Эскадрон ходил такими плотными рядами, что мне невольно захотелось подать команду «Врозь!», предусмотренную уставом. Тут-то я и заметил, насколько эскадрон был действительно сбит. Люди после этой команды потеряли уверенность, а рыжие лошадки начали неистово ржать, разыскивая своих соседей по строю, и подбрасывать свои маленькие головки. Чувствовалась какая-то нервность, если не задерганность, в поведении всадников и коней. Я тут же решил, что нужно добиваться общего успокоения и, пользуясь хорошими осенними днями, делать проездки на трензелях потихоньку, в одиночку по плацу и прилегающему Петергофскому парку.
Решил также выучить фамилии солдат и, считая оскорбительным для них переспрашивать фамилии, принял за правило ходить каждый вечер на перекличку. Помнил я при этом совет отца — хорошенько всматриваться в лица людей. И вот стал я замечать, что один из улан 3-го взвода, Цветков, смотрит как-то мрачно, угрюмо. Однажды, по окончании молитвы, я велел Зеленяку вызвать Цветкова в эскадронную канцелярию. Не помню хорошо, проведено ли было электричество в казармах и не оставалось ли оно достоянием только офицерского собрания, но, во всяком случае, комнатенка, где обычно сидел эскадронный писарь, была освещена слабо. В ожидании моего улана я подписывал за столом очередные бумажки и на стук в дверь ответил: «Войдите». Обернувшись, я увидел Цветкова, который при одном уже этом моем движении вздрогнул, еще больше вытянулся и почти прижался к косяку двери.
— Подойди сюда, — говорю я ему.
Но он делает один неуверенный шаг вперед.
Не желая повторять приказа, я сам встаю со стула, но при первом моем шаге Цветков вздрагивает и инстинктивно откидывает голову назад. Мне стало жутко. В одну минуту я понял все. Не хотелось только верить, что в этом блестящем гвардейском полку могли уживаться такие методы воспитания.

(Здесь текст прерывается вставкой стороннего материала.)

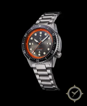 Eine Taucheruhr-Uhr mit einem markanten 45.5mm Auftritt am Handgelenk, gefertigt aus Edelstahl mit einem Zifferblatt in grau und einer besonderen "sunburst / radial textured finish"-Oberfläche.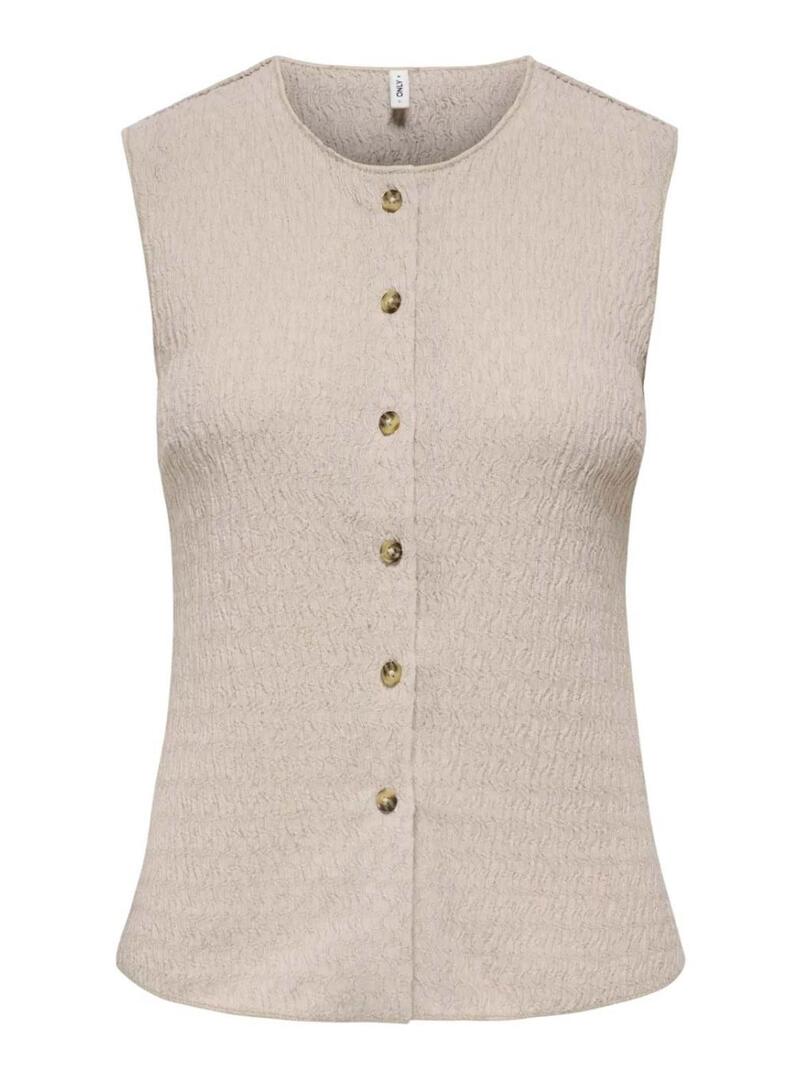Gilet Only. Modello Ilse. Colore beige. Tessuto strutturato. Chiusura frontale con bottoni. Senza maniche. Collo rotondo. Taglio regolare. La modella indossa la taglia S.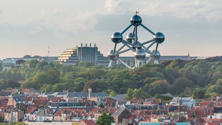 Aerial view of city skyline timelapse with the Atomium in Brussels, Belgium.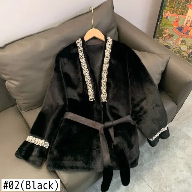 UCXQ e Damenjacke im europäischen Stil、Perlenspleißen、V-Ausschnitt、Schnürung、Taille、modischer Kunstpelzmantel、2024、Neu、Herbst und Winter、1684 ウィンター 冬物 | city&trip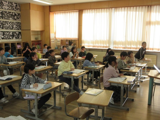 新出漢字を書きました。「門」を使った言葉を考える子供たち。「校門」「関門」・・・次の言葉がなかなか出てきませんでしたが、「笑う門には福来る」と発言する子供がいました。言葉をよく知っていますね。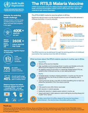 Over the last 2 years, Ministries of Health in Ghana, Kenya and Malawi have led the introduction of the RTS,S/AS01 malaria vaccine through the routine immunization platform, with the support of in-country and external partners. The vaccine requires a 4-dose regimen and is given to children from 5 months of age.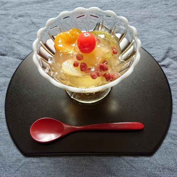 夏になると食べたくなる豆寒天。少しでも涼しさを味わいたくて選んだ器はカステヘルミです。朝露のしずくをイメージしたガラスの粒々が日に当たるとキラキラして寒天をよりひんやりと感じさせてくれます。合わせたカトラリーは柳宗理のティースプーンです。我が家ではヨーグルト、プリン、アイスとデザート用に愛用しています。和菓子系のデザートの時には半月盆があると一気にお店感が出るのでお勧めです。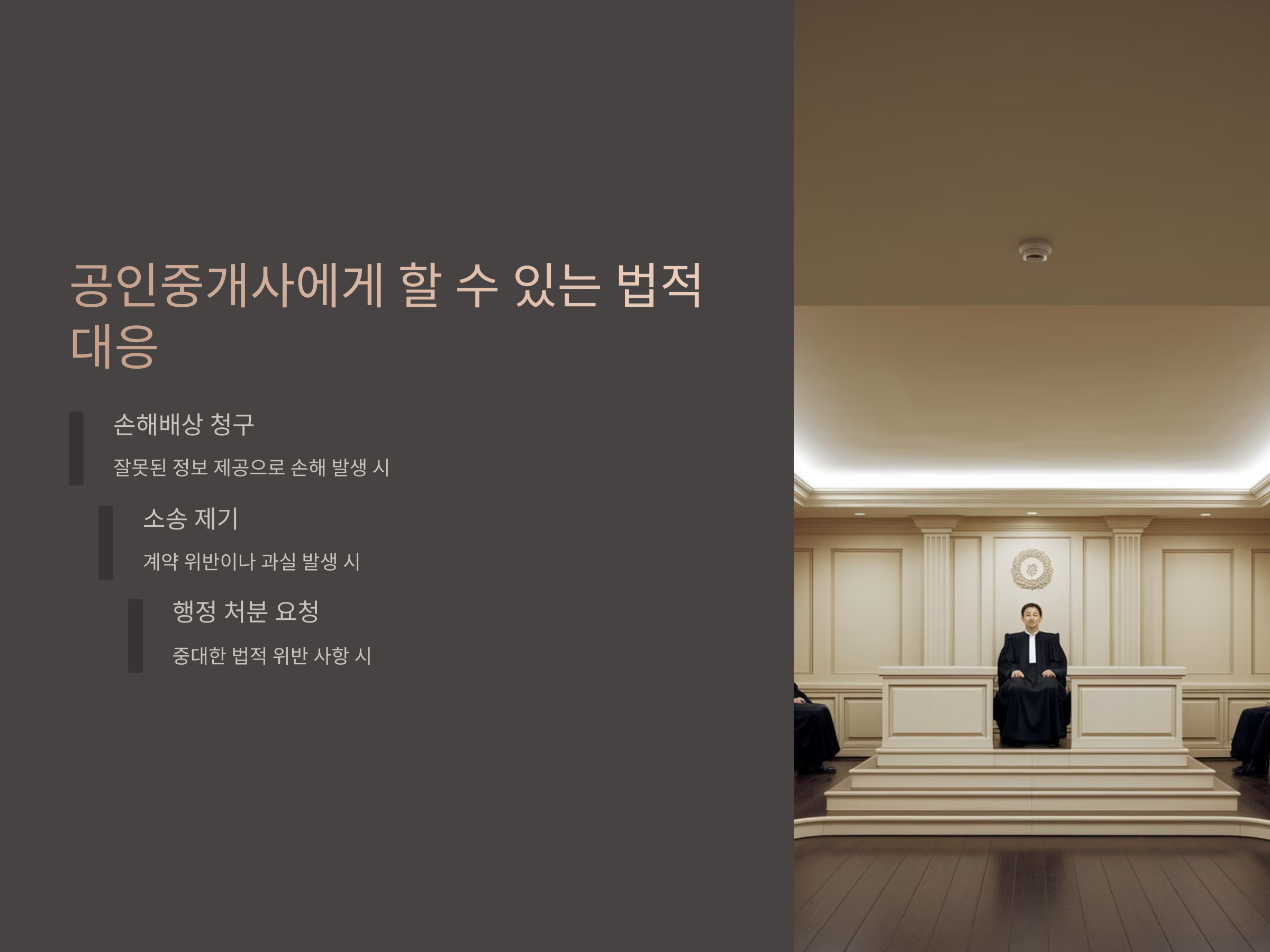 - 손해배상 청구: 계약이 체결된 후, 공인중개사의 잘못된 정보 제공으로 손해를 입었다면, 피해자는 공인중개사에게 손해배상 청구를 할 수 있습니다.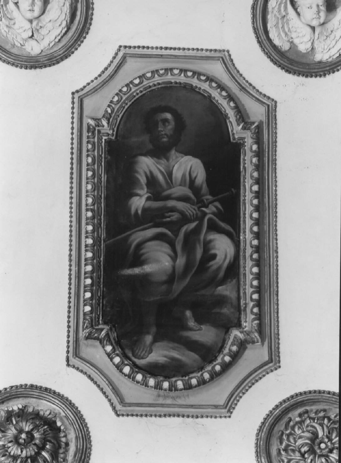 Dipinto inquadrato da ricca cornice mistilinea in stucco dorato, decorata con foglie d'acanto, ovuli e fuseruole.. Personaggi: San Giacomo. Attributi: (San Giacomo) bastone da pellegrino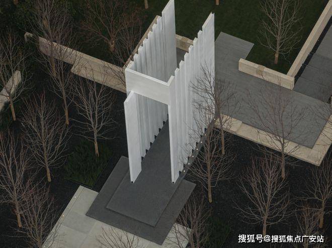 穿过公园进入社区前场,仪式感铺面,类高奢酒店设计,约10米高的「精神之门」矗立。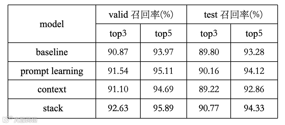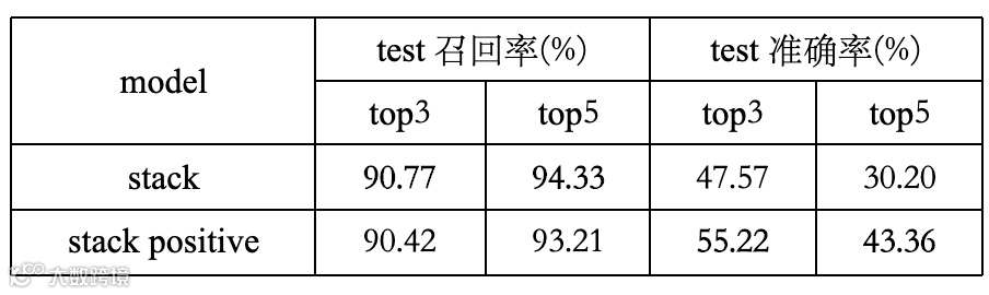 stack由3个模型集成得到,使用全部文本数据训练分类器,根据分类器预测的分数召回固定top k个高分文本;stack positive正负样本采样比例2:1训练分类器,根据分类器预测的类别最多召回top k个文本。第二个表格统计了stack与stack positive在test上的召回率与预测准确率,stack positive相比于stack以召回率的下降为代价召回更少的文本。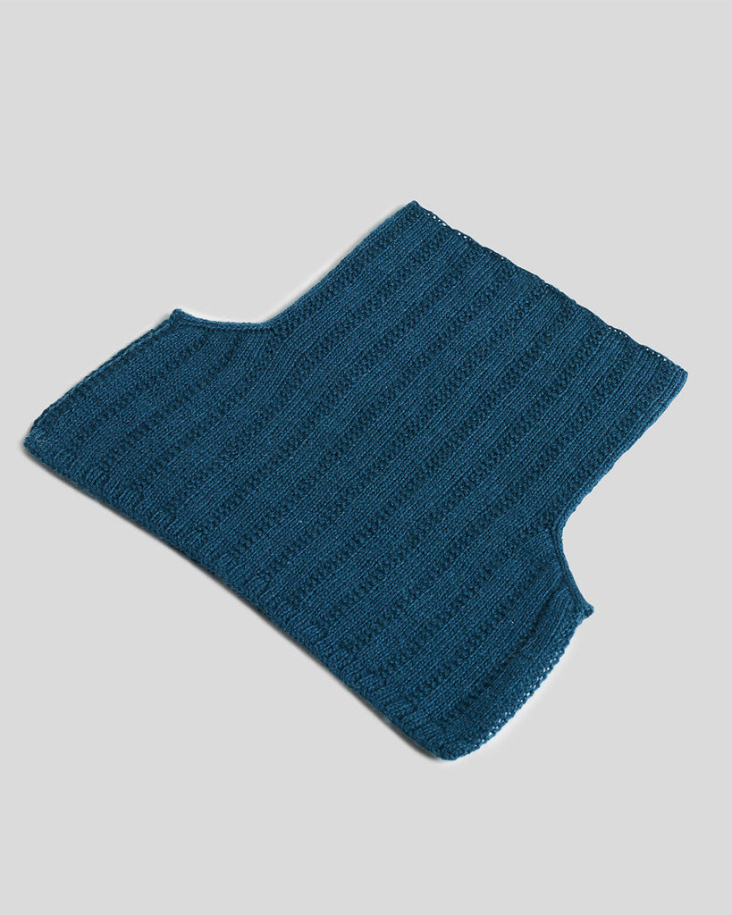 Eldey Halsedise strikkes oppefra og ned i et ret og vrang strukturmønster. Halskanten strikkes først, hvorefter der laves udtagninger i begge sider på hver side af fire skuldermasker. Til slut deles arbejdet og for- og bagstykke strikkes færdigt frem og tilbage hver for sig.

Из дальнейшего опроса Цветкова выяснилось, что причиной его дурного настроения было плохое письмо из дому. Семья его бедствовала и давно уже не высылала ему ни копейки. Я, знал, как трудно служить солдату без собственных грошей, и, проверив списки, убедился, что безденежных у меня в эскадроне пятнадцать человек.
Десять из них были уже пристроены денщиками и вестовыми при офицерских лошадях, за что полагалось платить по пяти рублей в месяц, но для Цветкова и остальных нужно было искать другой выход. С наступлением холодов он нашелся сам собой. Тяжело бывало вставать людям на уборку коней задолго до петербургского рассвета, когда термометр показывал внутри помещения едва пять градусов, а со всех наружных углов капала вода: казармы были новой постройки. Печи в них были почему-то огромных размеров. Я перебрал уже дрова с полкового склада чуть ли не за два месяца вперед, но в конце концов видя, что это не помогает, решился по совету эскадронной аристократии — взводных унтер-офицеров и каптенармуса — на крайнюю меру: поставить во всех наружных углах железные печурки. Они должны были затапливаться за полчаса до утреннего подъема, и к ним-то за три рубля в месяц из хозяйственных сумм я и прикрепил моих последних «бедняков». «Августейший шеф полка» никогда не бывал в казарме, а высокому начальству не приходило в голову притянуть к ответу представителей инженерного ведомства: экономию на кирпиче при постройке казарм можно было без труда обнаружить.